|
Disclaimer: Going off memory of the presentations myself, not at all an expert, etc. Ivan Goddard's descriptions of the branch predictor sounds quite simple that I can remember; The predictor itself is completely detached from the compiler, outside of the instruction layout falling into EBBs. A point that (I think is on the Mill forum somewhere) they've said about the prediction algorithim itself, is that they're doing simulations with nearly the simplest known prediction algorithm, and getting something like 90% success rates from that compared to the 98% the state-of-the-art sees. The difference is entirely in what data is carried by the prediction. (I believe this is in the forum thread on Switch statements, referenced in this video) What the predictor stores and delivers as output is the logical equivalent to an instruction pointer, and where in the EBB they exit, instead of a boolean (or an entire exit table). Which is more state, but not replacing the entire state of the processor. And, as explained in this presentation, the impact of having (effectively) an instruction pointer from the branch predictor is you know what to prefetch from memory.

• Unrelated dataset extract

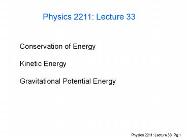 Physics 2211: Lecture 33 PowerPoint PPT Presentation

And that pointer, being associated with some other EBB that the predictor might know about, is also enough to ask the predictor for the next prediction, get a second prefetch, and so on. That also has implications to a point Goddard made in this presentation, in that some entire Switch statements have only one "EBB" (although that's loose terminology itself), and thus only one prediction associated with it. The prediction is to where the block will exit, not whether any specific prediction will succeed, thus there is no case where the processor will stall multiple times before finding the correct control flow. It can only fail once before it determines the correct exit to the block (in general, at least...) Which is I believe how they are expecting good results, rather than anything peculiar about how they determine the prediction from history. |
Let's assume that Mill can produce a prefetch chain though that can load additional code segments beyond the initial branch target. Does this really benefit the processor? I don't understand how a static prediction of where I will branch to next after an initial branch target is even useful. If I have already branched to that location before the code will be sitting in the L1 cache waiting for me, if it isn't, well, how does the branch predictor know more about the behavior of my program than the L1 cache?

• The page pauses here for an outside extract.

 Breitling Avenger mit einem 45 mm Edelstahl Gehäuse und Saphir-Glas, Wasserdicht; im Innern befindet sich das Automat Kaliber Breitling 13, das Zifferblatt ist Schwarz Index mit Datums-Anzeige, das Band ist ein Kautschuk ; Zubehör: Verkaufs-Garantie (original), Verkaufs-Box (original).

To put it another way: if the instruction set doesn't fit in the L1 cache is there some predictable way that I can load and unload the cache just based on a given branch target( that in turn implies other branch targets will be loaded next with a total instruction set larger than the cache). I don't really think there is any possible way to predict the behavior of an entire program like this. Larger instruction segments and more branch targets imply more complex programs that are correspondingly harder to predict so I'm always better off just relying on the instruction cache.
Assuming Mill tries to load entire chains of instructions into the cache based on a simple static target I would be much better off just disabling this and relying on the instruction cache in almost all cases therefore.